Thanks to hubby emptying out his Sirius studio and firing
nonessential useless staffers, Beth can afford to parade 
around NY appearing on all the morning TV shows spouting nonsense
about her purpose in life. Hey honey, nobody cares, you are a talentless
dolt hired by Stern to make both of you famous when all you do is
kiss the asses of industry producers as you cry and cry over the
phone until they give you some shitty TV job.




Beth has been proving for the last 25 years that Howard can make no one famous, I mean, he has been a morning zoo radio DJ forever, without going to that corporate cloud at Sirius satellite, he would be a little zero with his stale morning show on a free radio station for a few hours every morning and that would be it. No "America's Got Talent" without his corporation getting him work on TV with all the cross promotion with NBC and the SNL crowd plugging their projects. Yes, Howard still has his standard morning zoo radio show yet with a corporate cushy job where he could hammer away and harass everyone until they finally gave him a little TV show that was already an established summer filler show so hopefully Stern could do no real damage.

Beth will also repeat her mantra like a psychotic beast that grabbing kittens for photo shoots is her PURPOSE and then dumping them onto foster homes in New Jersey. Yes, her purpose is being photographed with kittens, then marketing her shitty calendars and books to a phantom fan base where all proceeds go to her personal fund, called Bianca's Furry Friends. Miss Purpose is getting away with this because the entire world is avoiding the Beth & Howard vortex of bragging, spinning, and phony press items that they pay for, and don't want to draw attention to this couple of losers needing homeless animals for publicity.

Howard is hiding his new nose job in this photo since this blogger 
said the photo he posted last week where he was delivering kittens
was a fake, since his profile has changed and doesn't look like
it is him. So in this photo, his facelift tape fell. Is this really Howard
or some dummy hired by Beth's openly gay duo management team of doom, 
who have done nothing but think up stupid fake stories for Howard to spout on his radio show. 
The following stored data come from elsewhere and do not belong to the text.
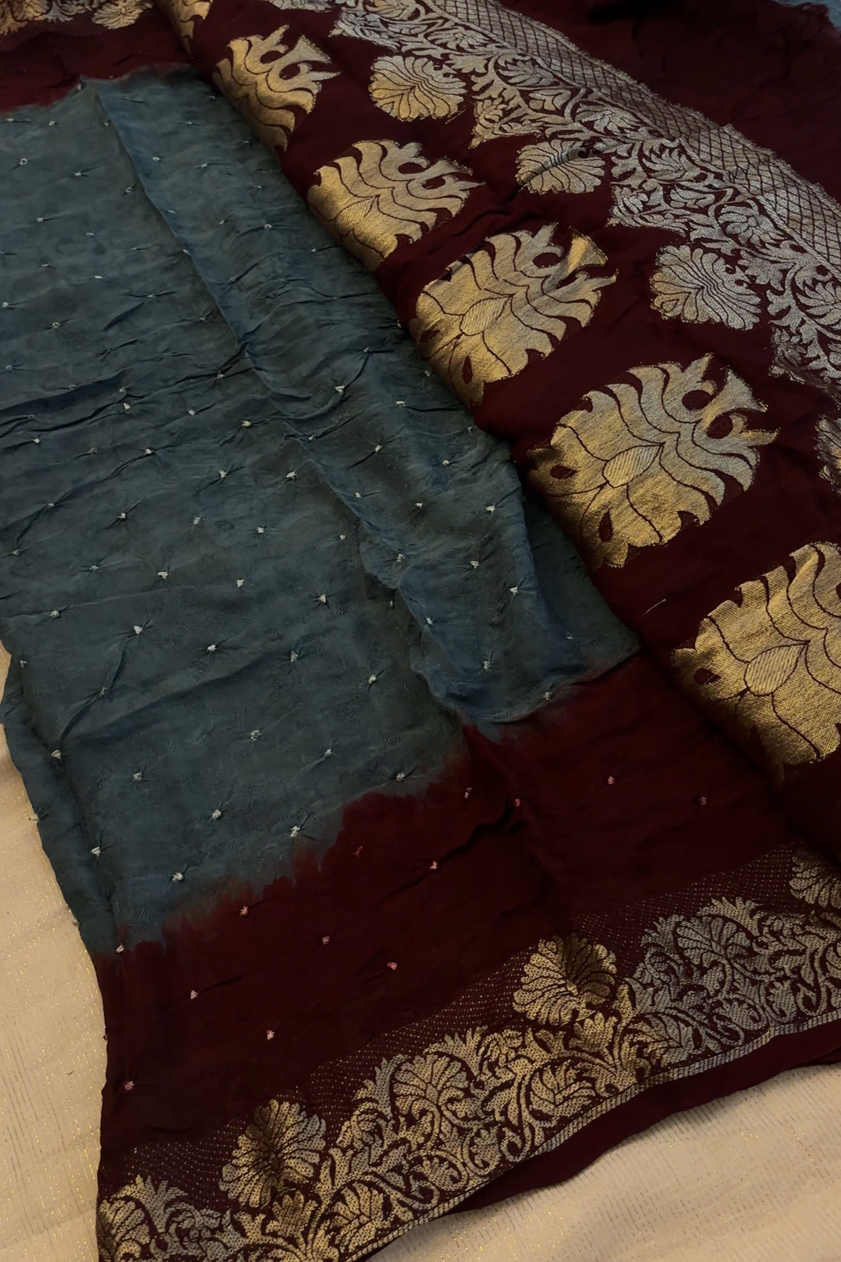 Bandhani saree in a rich deep grey body beautifully contrasted with a deep maroon pallu and an elegant woven border. The classic tie-dye motifs add timeless charm, making it perfect for festive occasions . Crafted with heritage detailing, this saree effortlessly blends earthy tones with royal elegance.
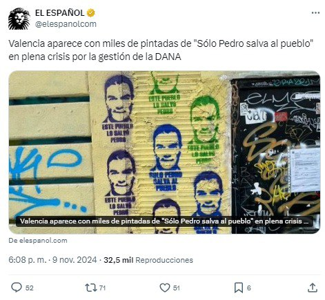 En los últimos días unas pintadas con la cara de Pedro Sánchez y distintos textos como “Sólo Pedro Sánchez salva al pueblo” o “Este pueblo lo salvó Pedro” han aparecido en redes sociales. Se trata de una nueva acción de falsa bandera amplificada desde un trollcenter vinculado a la extrema derecha.
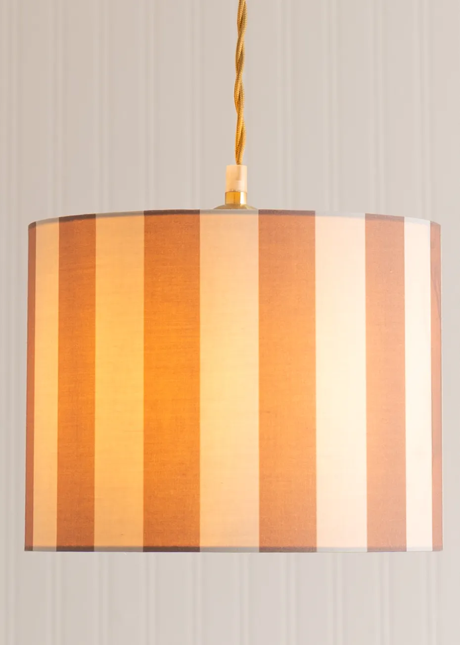 Callie is a light shade that combines natural and brown tones in a striking colour-clash stripe, bringing bold style to any space. The colour-matched inner adds a touch of elegance, making it as beautiful on the inside as it is on the outside. Perfect for a table lamp in your living room or bedroom, Callie’s unique design brings warmth and character, adding a cosy, earthy vibe wherever it’s placed. It’s the ideal way to light up your space with style and personality.
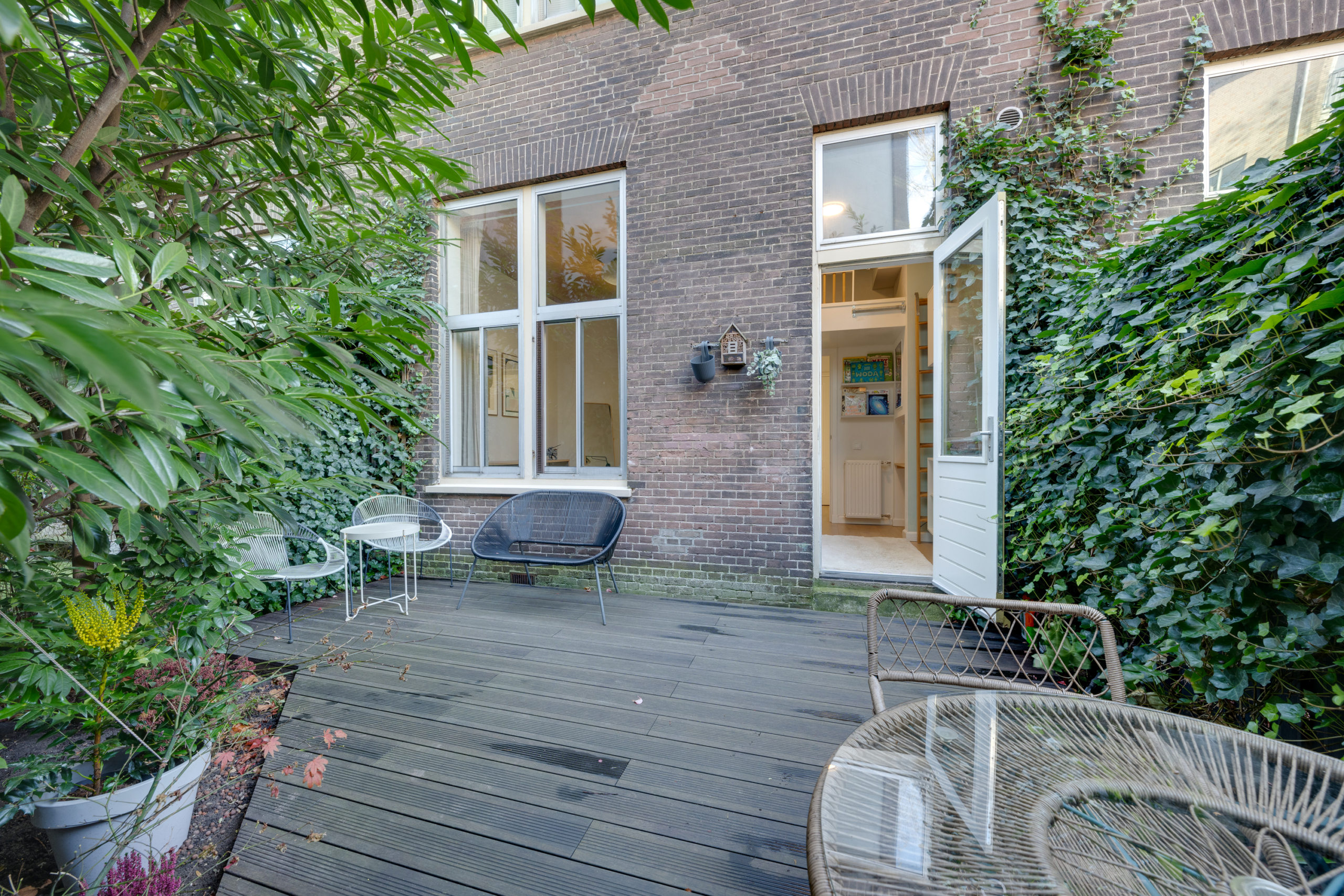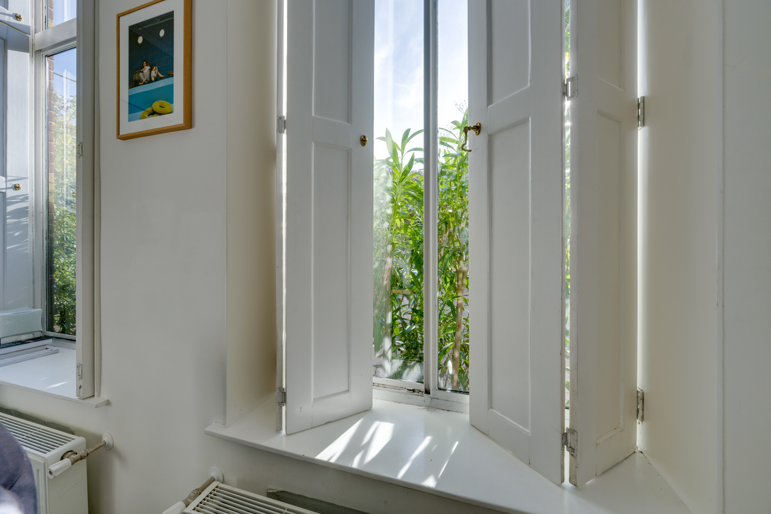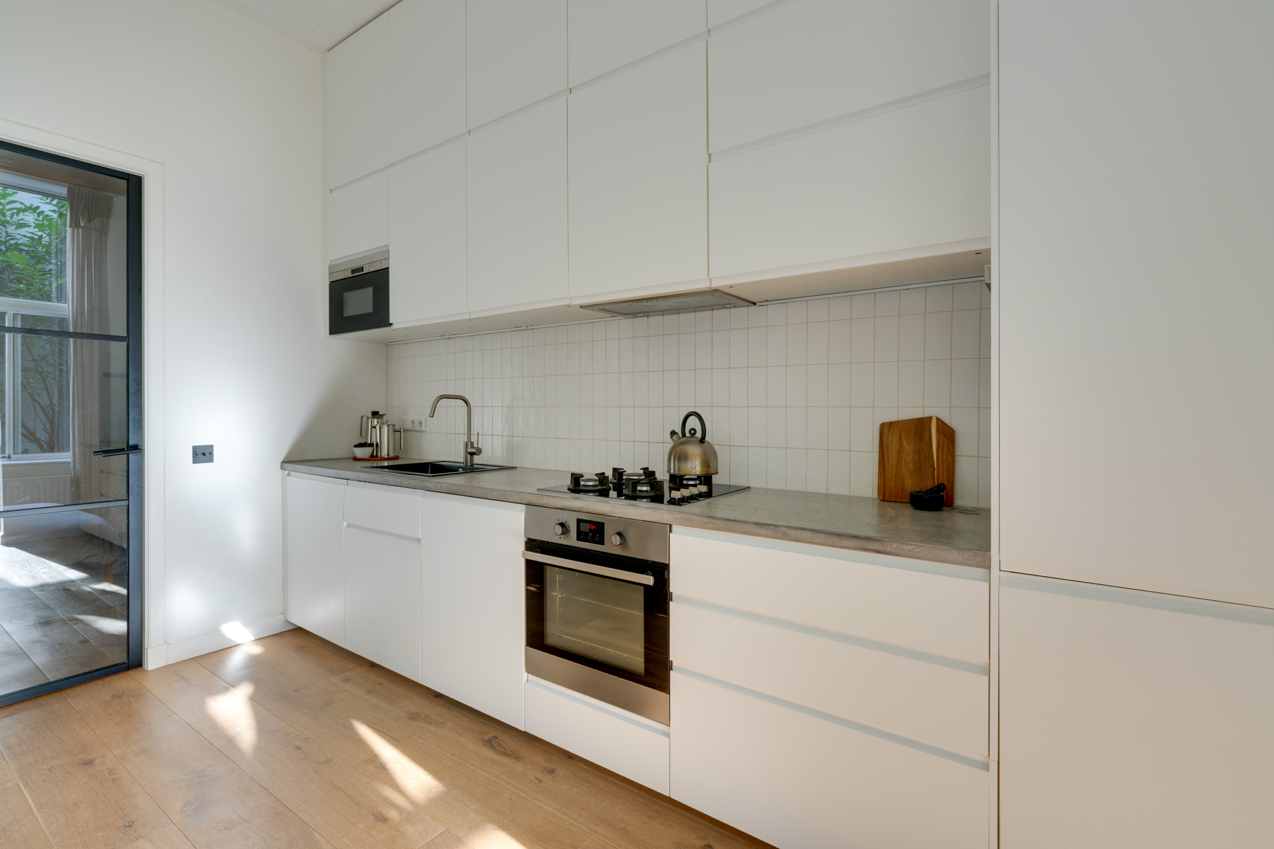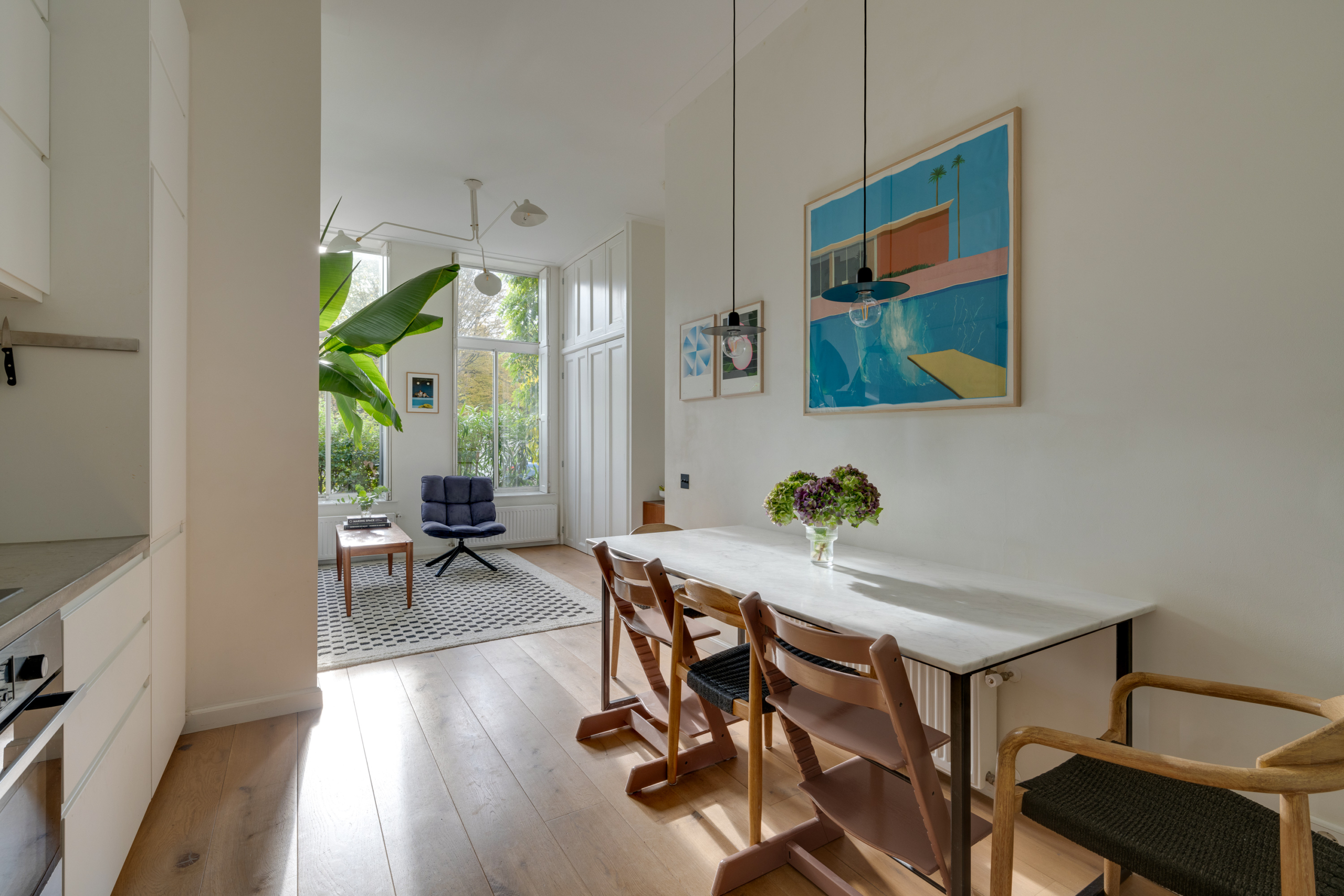 Sunny and modern 3-room ground-floor apartment with a garden and a separate storage unit, beautifully located on the waterfront of Hugo de Grootkade. This turnkey, fully renovated home with exceptionally high ceilings (3.23 m!) offers everything for comfortable and stylish living in the popular Frederik Hendrikbuurt area of Amsterdam.
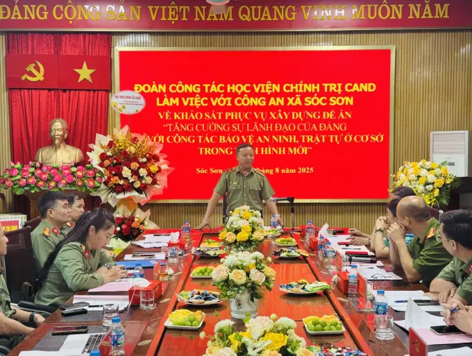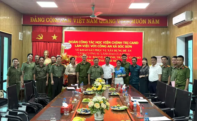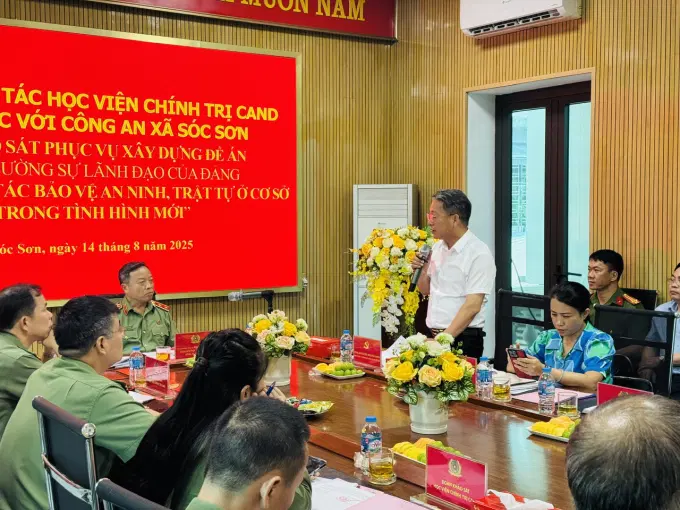 Thực hiện Quyết định của Bộ trưởng Bộ Công an về việc thành lập Ban Chỉ đạo và Tổ giúp việc xây dựng Đề án “Tăng cường sự lãnh đạo của Đảng đối với công tác bảo đảm an ninh, trật tự ở cơ sở trong tình hình mới”, đồng chí Trung tướng, PGS,TS, NGƯT Phan Xuân Tuy, Bí thư Đảng ủy, Giám đốc Học viện với vai trò là Thành viên Ban chỉ đạo xây dựng Đề án, Trưởng Đoàn khảo sát cùng 12 thành viên đã tổ chức buổi khảo sát đánh giá thực trạng tình hình bảo vệ an ninh, trật tự tại Công an xã Sóc Sơn, Thành phố Hà Nội ngày 14/8/2025. Tham gia buổi làm việc có đại diện của Đảng ủy, Uỷ ban nhân dân xã và Công an xã Sóc Sơn gồm 29 đại biểu.
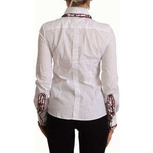 Dolce & Gabbana White Cotton Lace Long Sleeves Ruffle Collar Top Shirt
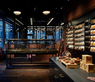 木、レンガ、ガラス、鋼が印象的な機能美を追求したクラフトマンシップ溢れるオーセンティックな空間には、デザートサロン「ル・サロン」が併設されており、工房の様子を垣間見ながらショコラを使ったデザートをご堪能いただけます。商品はすべて、パリ工房でカカオ豆から作られたクーベルチュールを使用し、東京工房で製造しています。現在では、国内7つのブティックとオンラインブティックを通じてショコラの魅力を伝えています。
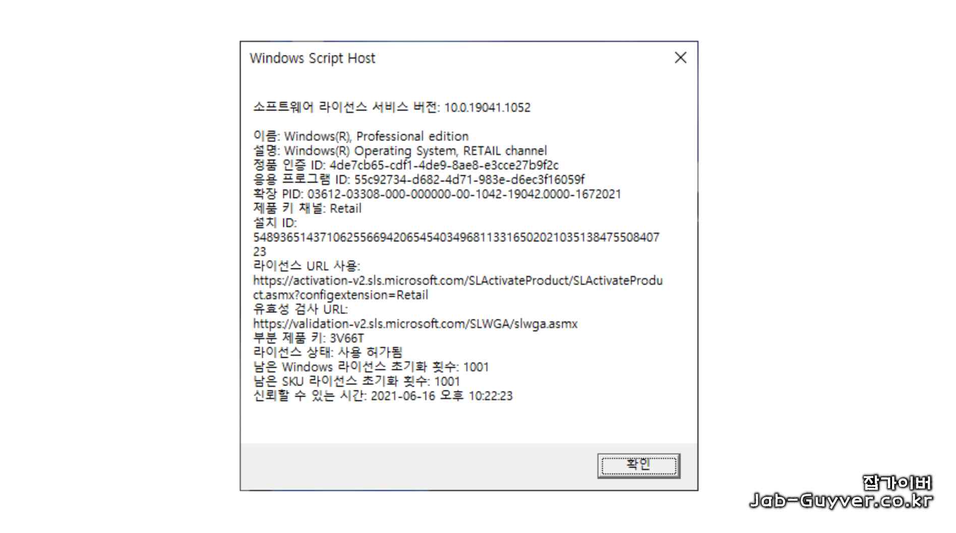 위의 방법을 사용하여 윈도우 소프트라이센스 정보를 확인할 수 있습니다. SIMGR/DVI 명령어는 다른 용도의 정보에 사용되므로, 윈도우 소프트라이센스 정보를 알려주지 않습니다.

Obviously, Howard is obsessed with Bruno the movie star and tries to copy his superstar model poses and Beth looks like his brother:






The photo below shows a faction of the alien army of dubious gender orientation that love Beth. I don't know what airbrushing machine they used on this photo but they all look like rubber demonic Mattel dolls and Beth couldn't fit her falsies into that tight little jacket so she ditched the breasts this time.


Who knew Beth was filming the Kitten Bowl at a real TV studio; it looked like her apartment with a false backdrop and Howard has all his photoshopping equipment in the city ready to go to help out with the green screen team and plugging a bunch of kittens into the final print.



BRUNO OR BETH? Don't know:







Yes, some people need a hobby to past the time or in Stern's case to fill it. Is stuffing birds Howard's next hobby? Or is he just going to keep stuffing Beth down our throats every week on his stale satellite radio show that should be stuffed into a closet with everything else in Howard's life.